● PROBLEM DETAILS: Among the entries below, take the line with "300g Cylinder —" and the line with "Initially going by", and output them and every line between them exactly, with nothing else.

● THE DATA:
● ● ● ● ● ● ●

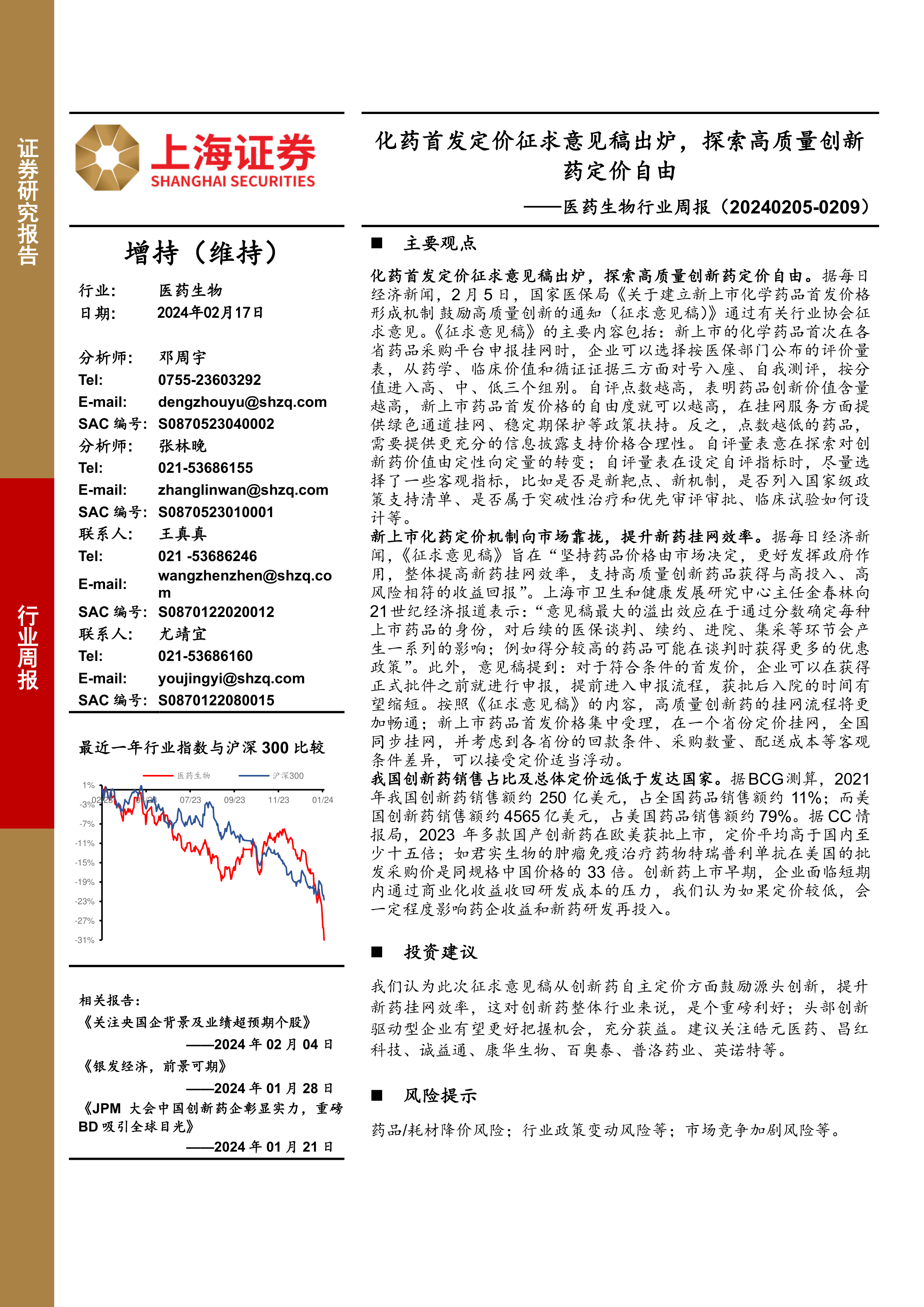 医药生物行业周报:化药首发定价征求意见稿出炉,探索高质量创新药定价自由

● ● ● ● ● ● ●

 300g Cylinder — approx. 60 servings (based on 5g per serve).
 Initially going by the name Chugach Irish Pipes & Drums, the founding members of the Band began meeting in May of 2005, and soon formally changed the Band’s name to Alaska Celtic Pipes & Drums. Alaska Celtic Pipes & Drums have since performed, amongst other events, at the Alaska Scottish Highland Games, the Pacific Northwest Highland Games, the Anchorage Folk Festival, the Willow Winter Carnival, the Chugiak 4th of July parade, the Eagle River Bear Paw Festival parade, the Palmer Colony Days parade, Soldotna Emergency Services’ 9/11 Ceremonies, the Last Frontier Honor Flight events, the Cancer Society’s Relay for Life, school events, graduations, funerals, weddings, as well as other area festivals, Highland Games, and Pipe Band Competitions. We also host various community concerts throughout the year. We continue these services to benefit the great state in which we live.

● ● ● ● ● ● ●

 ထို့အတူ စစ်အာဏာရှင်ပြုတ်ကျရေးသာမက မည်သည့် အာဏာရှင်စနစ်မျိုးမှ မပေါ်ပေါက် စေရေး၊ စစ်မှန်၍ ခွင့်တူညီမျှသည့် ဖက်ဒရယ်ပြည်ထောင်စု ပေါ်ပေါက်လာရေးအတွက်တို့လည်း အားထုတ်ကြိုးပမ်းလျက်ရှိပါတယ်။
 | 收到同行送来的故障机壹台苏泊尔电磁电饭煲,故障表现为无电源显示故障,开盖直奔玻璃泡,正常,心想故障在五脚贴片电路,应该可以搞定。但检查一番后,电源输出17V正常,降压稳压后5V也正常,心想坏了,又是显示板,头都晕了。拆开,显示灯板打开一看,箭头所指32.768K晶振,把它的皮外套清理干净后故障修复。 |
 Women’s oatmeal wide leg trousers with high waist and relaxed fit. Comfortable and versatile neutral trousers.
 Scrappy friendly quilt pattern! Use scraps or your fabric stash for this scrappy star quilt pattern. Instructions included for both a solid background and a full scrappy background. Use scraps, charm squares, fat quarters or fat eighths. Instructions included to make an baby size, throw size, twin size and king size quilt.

● ● ● ● ● ● ●

● REPLY TO THE EXERCISE:
 300g Cylinder — approx. 60 servings (based on 5g per serve).
 Initially going by the name Chugach Irish Pipes & Drums, the founding members of the Band began meeting in May of 2005, and soon formally changed the Band’s name to Alaska Celtic Pipes & Drums. Alaska Celtic Pipes & Drums have since performed, amongst other events, at the Alaska Scottish Highland Games, the Pacific Northwest Highland Games, the Anchorage Folk Festival, the Willow Winter Carnival, the Chugiak 4th of July parade, the Eagle River Bear Paw Festival parade, the Palmer Colony Days parade, Soldotna Emergency Services’ 9/11 Ceremonies, the Last Frontier Honor Flight events, the Cancer Society’s Relay for Life, school events, graduations, funerals, weddings, as well as other area festivals, Highland Games, and Pipe Band Competitions. We also host various community concerts throughout the year. We continue these services to benefit the great state in which we live.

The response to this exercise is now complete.